Maladaptive Daydreaming: where wild minds come to rest
im sitting here in my backyard having that i-want-to-hit-my-head-off-a-wall-because-i-dont-know-who-i-am-and-im-not-happy-about-anything feeling and it hit me. i was thinking about how i dont have many friends and i dont want want to be friends with anyone from my school because....yuck. i realize now that i dont want to be friends with anyone because none of them match up to my daydream characters and ill never have a friendship like them. i pretty much only have one friend, and sometimes i feel like she puts me second when i put her first. my characters wouldnt do that to eachother....and theyre close and do everything together and have alot in common yet their so different and skejlaksfja;sdhf
if i could explain my daydream it would make sense but.....yeah.

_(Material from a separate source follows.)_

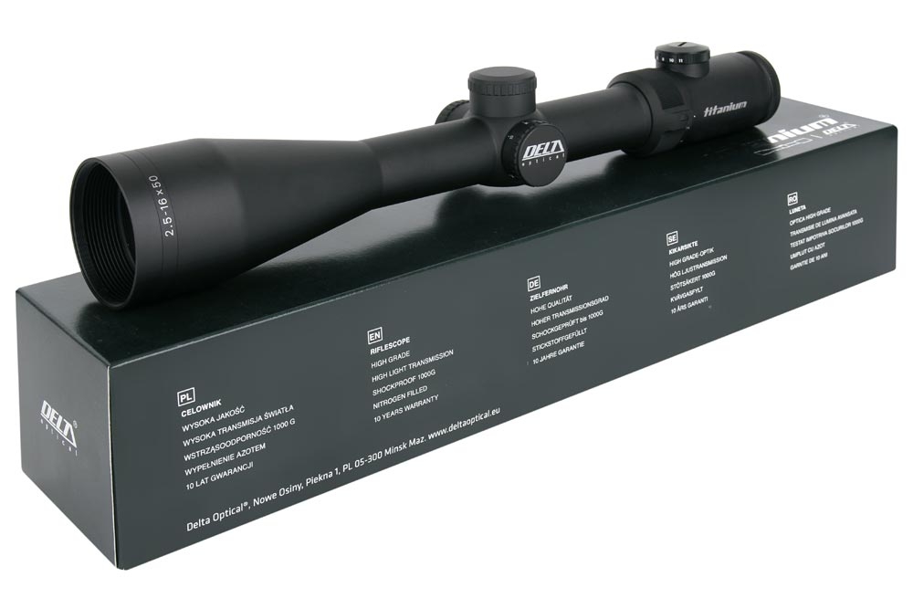 Один из популярных прицелов в ​​новой серии Delta Optical Titanium с боковой регулировкой параллаксаTitanium 2,5-16x56 SF4А обладает отличными оптическими и механическими характеристиками.

this is making me have high expectations for everything and its making em unhappy. but i dont want to stop because what else will comfort me?
I think I can relate. It's so easy to imagine something much better than reality. However, don't you think MD is the thing that probably makes our reality worse? A lot of us probably neglect building quality relationships or getting involved in real world activities that would matter to us because of excessive daydreaming. Then our options become daydreaming or living our neglected, colorless lives. It seems to be a compulsive behavior that reinforces itself by eliminating or worsening all other options. Does it seem that way to you?